# Help...200 year old house that I want to make haunted :)



## sisvicki (Jan 30, 2004)

firsttimmer: all I can say is WOW, you are lucky, lucky. That house is awesome.

Not knowing anything about landscaping or lighting, I guess my first step to your first goal is to find pictures of haunted houses that you like. From movies, posters, illustrated books, etc. Look and see what they are doing and then try and copy that. Or, if you have big bucks, a landscaper in the area might be able to plan it for you (one with a sense of humor anyway).

As far as the second goal, which in my mind seems the bigger one, I guess you need to start planning. There are lots of ideas here, just take the time to read the archives, and of course, look at the Monster List of Links:

http://markbutler.8m.com/monsterlist.htm

Decide what you can build, brainstorm what scares you want, enlist friends to help you, let them help you, start collecting materials, costumes . . .


----------



## Lurks in the shadows (Mar 12, 2005)

I will always have a "no scaring allowed" rule for my actors and a "no gore" zone for the smaller kids. 
(Usually the side yard for the wee ones!)

A terrified four tear old is not going to laugh about it later. 
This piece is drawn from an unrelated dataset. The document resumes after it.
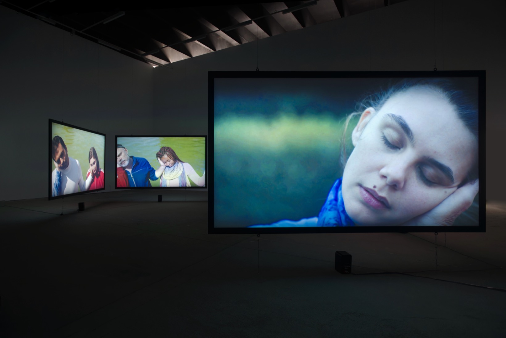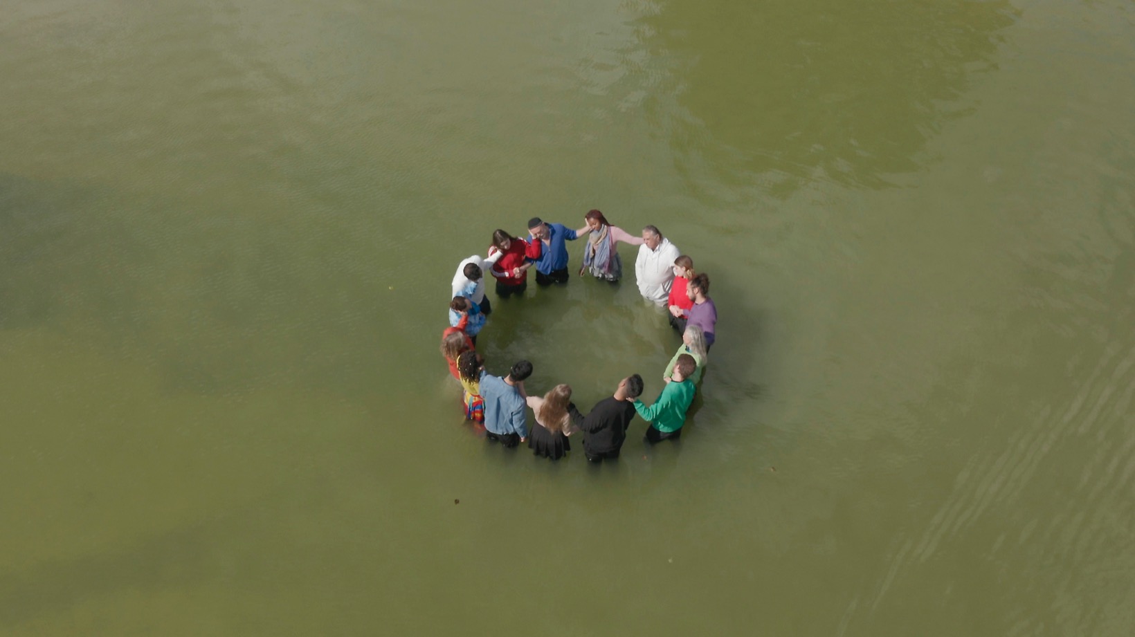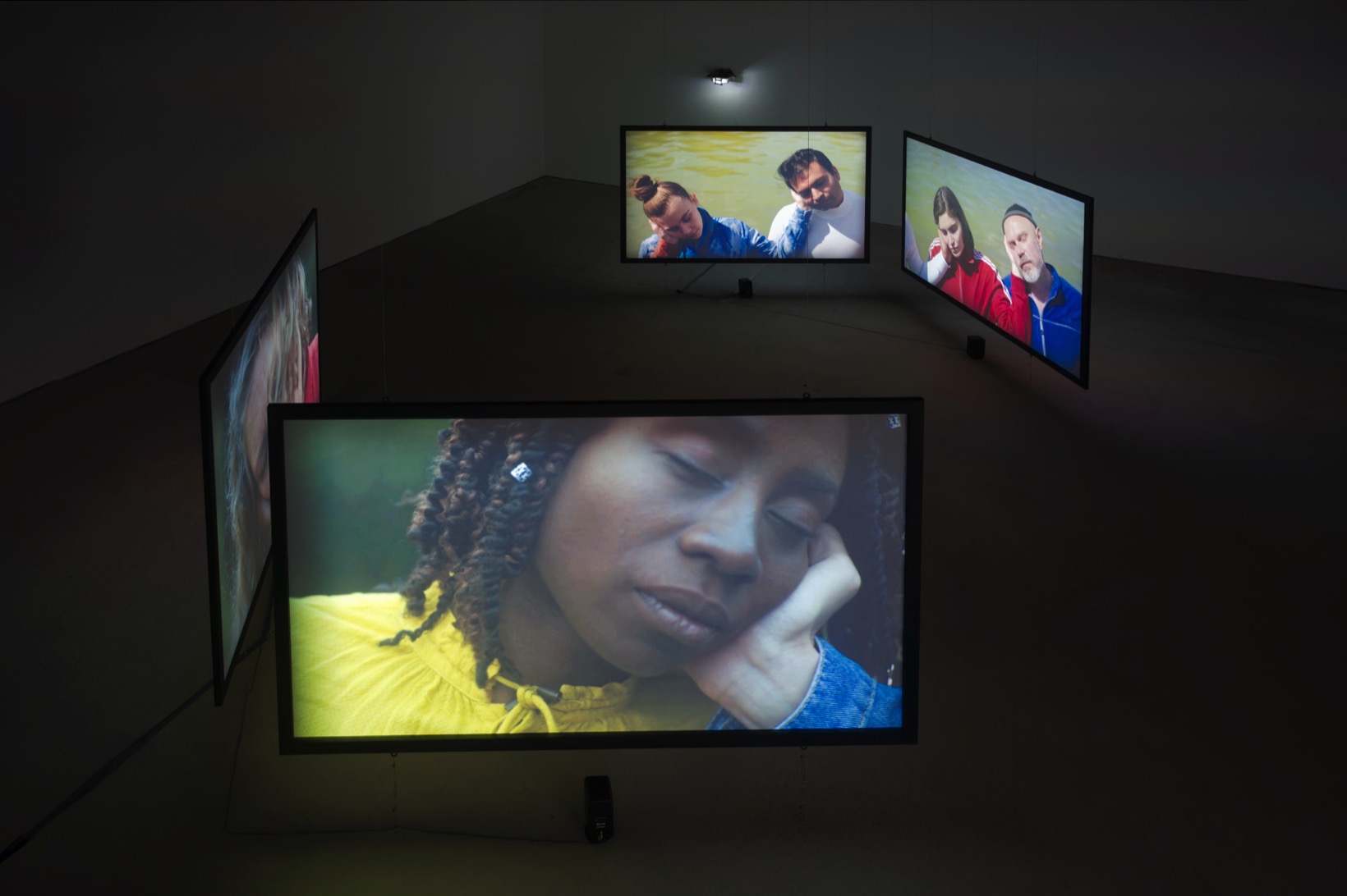 The four-channel installation contains two parts -named “Acts” (Living Monuments I and II) by the artist, developed on the sites of two former public parks that were artificially built in two locations in Hamburg. The parks were built with the help of unemployed citizens at the time, and transposed the desire of the German administration from the beginning of the 20th century, to integrate into large cities places of recreation and closeness to nature by creating 'a public park for all social categories'. One of the sites filmed by the artist was to host a monument that was never completed. In the 1910s when the Altona Volkspark was constrcuted, the large green areas meant to offer relaxation to the masses — a new notion, as public spaces were still rare at the time, continued a series of utopian models set to elevate human life. However, just like many other utopian projects set in contrast with the violent course of history, it came to a hault, and was resumed after World War I. Today, we find ourselves amidst a state of constant ideological, social and geopolitical conflict. Within this context, Mihai weaves the structure of a collective body, awakened in contrast to today’s grim global geopolitics in Europe and beyond. Living Monuments unfolds as a performance caught on camera, in which 15 people, different in origin, skin, colour, gender and age, come together as a single body. Each person holds in their right hand the head of their immediate neighbour, who in turn holds the head of their neighbour until the circle closes. The apparently simple scene repeats itself, growing in intensity while also remaining open to the interpretation of the viewer. Working with a diverse group of performers, many of them first or second generation immigrants in Germany, Mihai reflects on a history in transition, underlying the idea of a social and political balance that depends on the other to be maintained. Imagining another possible future, Living Monumente also problematizes aspects of the transformations exerted on nature, inviting the viewer into the process as a witness and participant. Nature takes on a central role by means of a sound installation, staging “concertos” with plants and non-human life forms.

That's one loud vote for a kiddie trail!


How about placing the lights too close to the house, and pointed upward, so that they cast stark high contrast shadows?


----------



## Gym Whourlfeld (Jan 22, 2003)

After seeing the pictures of your house, I suggest that you have some dimmable lights pointing up along the outside of the house and some lights illuminating the tree-line with a brighter setting. 
If an alternating relay could be hooked up to control both the tree lights and the house lights , or just make the house lights fade away every so many seconds to effectively make the whole house dissappear!
The trees being more brightly lit would help this illusion.
The dimmer for the house lights could be played with to give just a glow of light making the entire house look very much like a hallucination or a dream.
Some life-sized plywood cut-outs of human figures could be right behind the tree line and backlit on a random circuit schedule so just when someone thinks they have it all figured out, it changes alittle.
Anything to make them "wonder"?


----------



## Wolfman (Apr 15, 2004)

Gym is onto something. Two sets of illumination will really play mind games with the viewers. Toss in a handfull of well-paved sillouhettes and some creepy theme music, the little ones will stay on the sidewalk. Lots of potential there. Nice house, BTW.


----------



## firsttimmer (May 4, 2005)

Wanted to say thanks for all the suggestions...and the thought of creating an illusion that the house disappears is great....I would like to set that up for year round....  Now the key is to do it correctly. 
Gym...I have been checking out link after link after link looking for lights, timers, dimmers, etc.....any suggestion as to who may have all the supplies needed?


----------



## Gym Whourlfeld (Jan 22, 2003)

Most of the items are commonly found in any store selling harware/electrical items. The automatically controlled fading control, I don't know, but someone doing haunts makes one I am sure that I have read about them before on-line.
when lighting I always try to make it more subtle. i think "subtle" right on the edge of people's perceptions does alot more to play with their minds.
"Was that real? Or did I just imagine it?" This is where the fun begins for me in my house--hauntedravensgrin.com


----------



## Guest (May 7, 2005)

here is some good info lighting your yard haunt

http://skullandbone.com/tutorial_01.htm


----------



## widowsbluff (Nov 2, 2003)

Firsttimmer,
The kids will already think your house is haunted because of the age, ours is 100 years old and everybody thinks it is haunted! My advice is to create a story to go with your haunt. We live on the bluff of a river and use a story of a woman a waiting the return of a lost love, "the lady of the bluff" the kids believe every word and swear they can see and hear her, add a few tomb stones and props and you are set. Work with what you have. DC; 200 years ago I would go with a rev. war story or Lewis and Clark, but build a back ground, set the stage and your mood will be set. Check out my humble 100 year abode on the banks of the MO river.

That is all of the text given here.